→ Records to use
↓↓↓

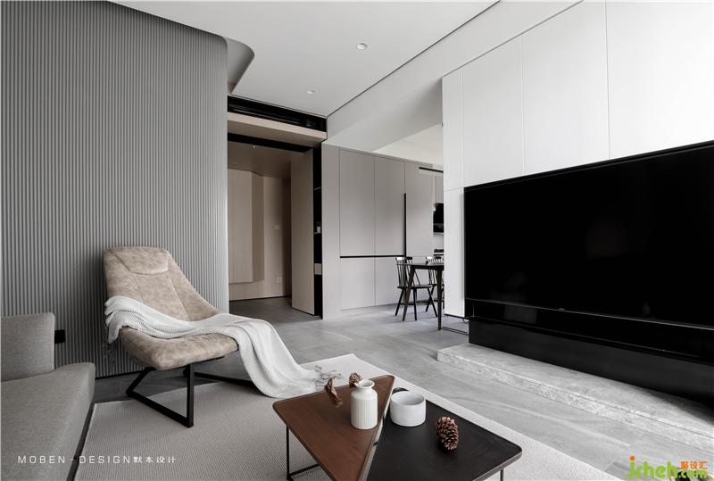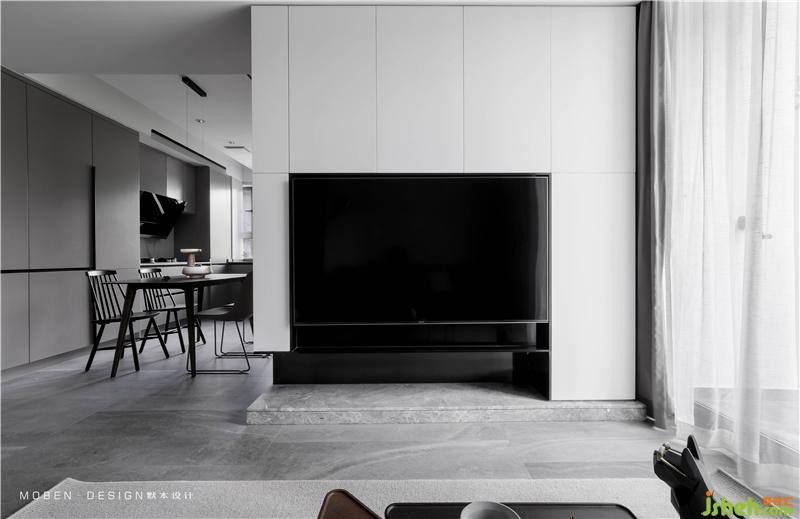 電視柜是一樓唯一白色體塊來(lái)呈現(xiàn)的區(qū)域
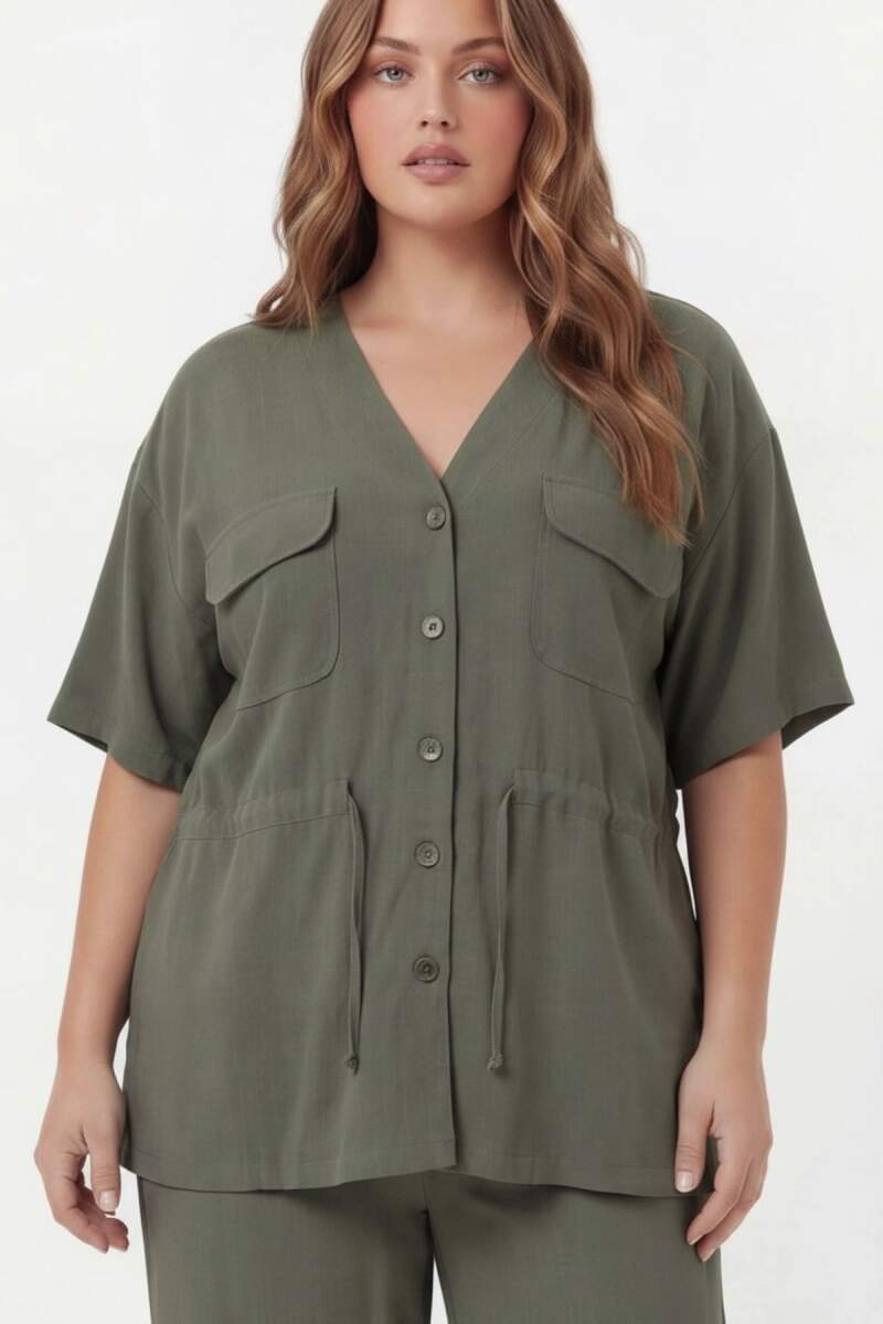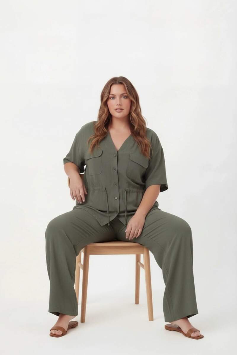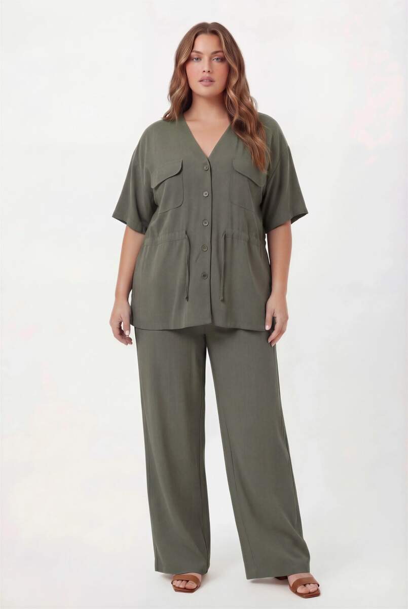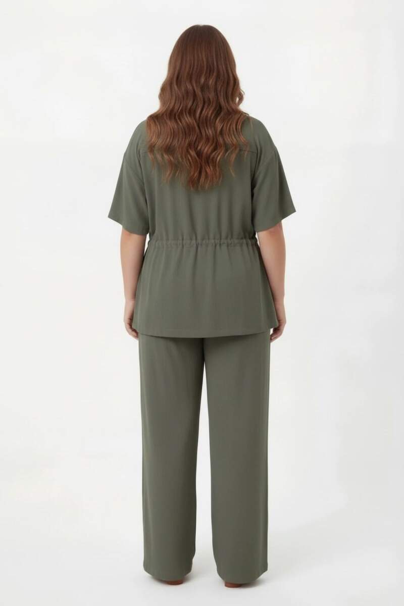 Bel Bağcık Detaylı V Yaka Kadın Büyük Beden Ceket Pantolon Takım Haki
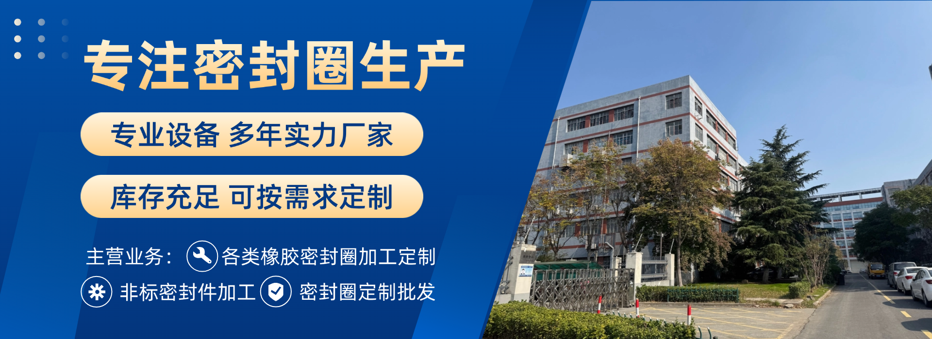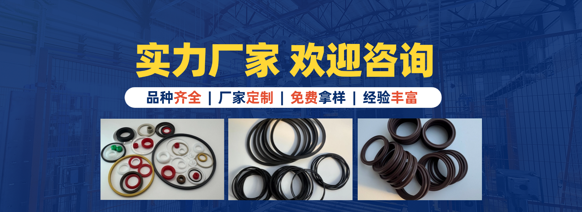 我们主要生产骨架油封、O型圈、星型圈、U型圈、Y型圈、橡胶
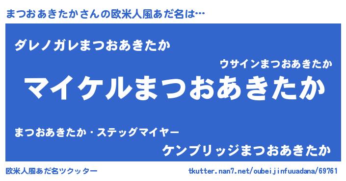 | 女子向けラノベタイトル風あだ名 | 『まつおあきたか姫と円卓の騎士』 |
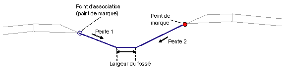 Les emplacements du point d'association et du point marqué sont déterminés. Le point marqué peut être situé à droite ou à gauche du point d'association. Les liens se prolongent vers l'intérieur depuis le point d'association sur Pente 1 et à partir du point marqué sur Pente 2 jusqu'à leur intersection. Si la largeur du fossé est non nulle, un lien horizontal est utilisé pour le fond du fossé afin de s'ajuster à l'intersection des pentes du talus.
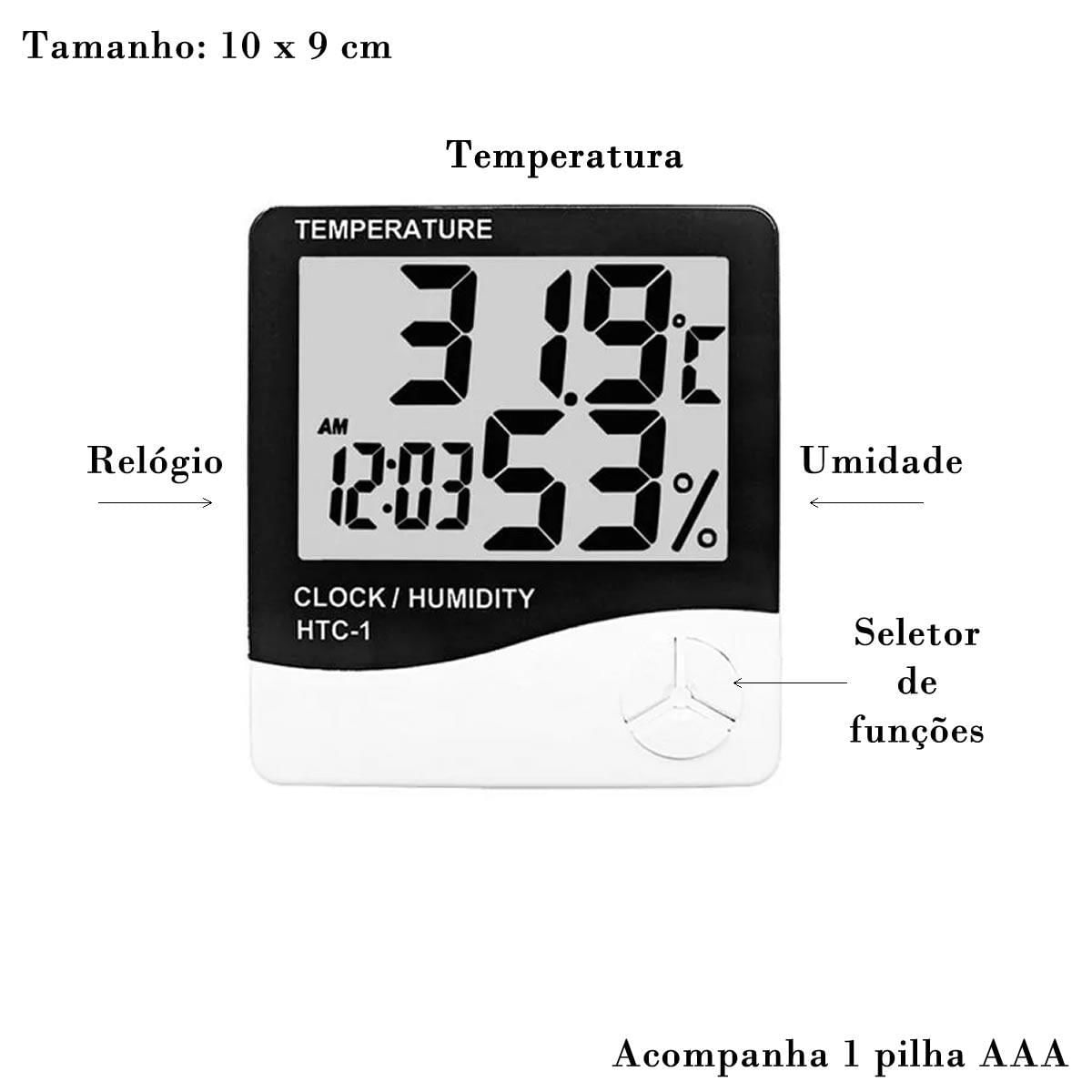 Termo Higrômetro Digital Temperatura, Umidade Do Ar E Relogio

↑↑↑

→ Task details
Which lines run from the one that holds "Les emplacements du" to the final line of the records above? Return them exactly, and skip the pictures.

→ Expected answer
 Les emplacements du point d'association et du point marqué sont déterminés. Le point marqué peut être situé à droite ou à gauche du point d'association. Les liens se prolongent vers l'intérieur depuis le point d'association sur Pente 1 et à partir du point marqué sur Pente 2 jusqu'à leur intersection. Si la largeur du fossé est non nulle, un lien horizontal est utilisé pour le fond du fossé afin de s'ajuster à l'intersection des pentes du talus.
 Termo Higrômetro Digital Temperatura, Umidade Do Ar E Relogio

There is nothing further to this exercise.